Solution: a. \(\displaystyle 10^d−10^{d−1}<10^d\) b. \(\displaystyle h(d)<9^d\) c. \(\displaystyle m(d)=10^{d−1}+1\) d. Group the terms in the deleted harmonic series together by number of digits. \(\displaystyle h(d)\) bounds the number of terms, and each term is at most \(\displaystyle 1/m(d). \sum_{d=1}^∞h(d)/m(d)≤\sum_{d=1}^∞9^d/(10)^{d−1}≤90\). One can actually use comparison to estimate the value to smaller than \(\displaystyle 80\). The actual value is smaller than \(\displaystyle 23\).

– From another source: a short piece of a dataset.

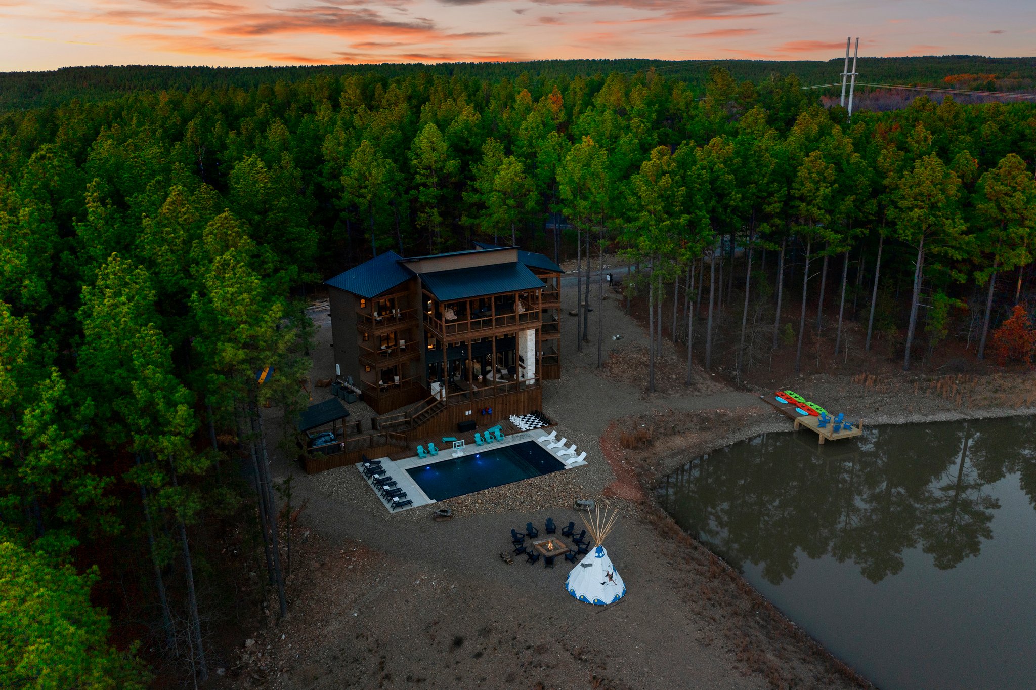 Welcome to the Haus family’s 5th privately owned cabin, Boat Haus at Boulder Lake, professionally managed by Bravo Cabin Rentals. Endless activities are just a fingertip away—whether it’s diving into a world of interactive games in your own arcade room or shooting hoops in the heated pool. Imagine jumping from the hot tub into your private stocked fishing pond, playing frisbee golf, hitting golf balls at the tee box into the pond, or sinking into the soothing warmth of the hot tub while taking in the breathtaking view of towering 90-foot pine trees. Spend hours hanging out around the fire pit with a custom-made teepee, sharing stories and laughter. Then, wake up to a steaming cup of coffee on your private balcony, overlooking the serene pond. It’s the perfect setting to enjoy with your closest 12-30 friends and family, all gathered in one unforgettable place. The living room features two spacious sectional couches, each paired with its own extra-large TV for the ultimate comfort and viewing experience. Perfect for everyone in the cabin to watch the Super Bowl together! Need a few cooks in your kitchen? We have you covered, along with just about every cooking amenity you may need. There is room for everyone to eat between the custom-made blue water epoxy dining room table, kitchen island bar, outdoor dining room table, third-floor mini bar table, 4 pub height tables, and the 3rd-floor outdoor seating table. Bring your ATVs and hit the trails from the front door of the cabin! No need to trailer them anywhere

5) Suppose that a sequence of numbers \(\displaystyle a_n>0\) has the property that \(\displaystyle a_1=1\) and \(\displaystyle a_{n+1}=\frac{1}{n+1}S_n\), where \(\displaystyle S_n=a_1+⋯+a_n\). Can you determine whether \(\displaystyle \sum_{n=1}^∞a_n\) converges? (Hint: \(\displaystyle S_n\) is monotone.)

6) Suppose that a sequence of numbers \(\displaystyle a_n>0\) has the property that \(\displaystyle a_1=1\) and \(\displaystyle a_{n+1}=\frac{1}{(n+1)^2}S_n\), where \(\displaystyle S_n=a_1+⋯+a_n\). Can you determine whether \(\displaystyle \sum_{n=1}^∞a_n\) converges? (Hint: \(\displaystyle S_2=a_2+a_1=a_2+S_1=a_2+1=1+1/4=(1+1/4)S_1, S_3=\frac{1}{3^2}S_2+S_2=(1+1/9)S_2=(1+1/9)(1+1/4)S_1\), etc. Look at \(\displaystyle ln(S_n)\), and use \(\displaystyle ln(1+t)≤t, t>0.\))

Answer

Solution: Continuing the hint gives \(\displaystyle S_N=(1+1/N^2)(1+1/(N−1)^2…(1+1/4)).\) Then \(\displaystyle ln(S_N)=ln(1+1/N^2)+ln(1+1/(N−1)^2)+⋯+ln(1+1/4).\) Since \(\displaystyle ln(1+t)\) is bounded by a constant times \(\displaystyle t\), when \(\displaystyle 0<t<1\) one has \(\displaystyle ln(S_N)≤C\sum_{n=1}^N\frac{1}{n^2}\), which converges by comparison to the p-series for \(\displaystyle p=2\).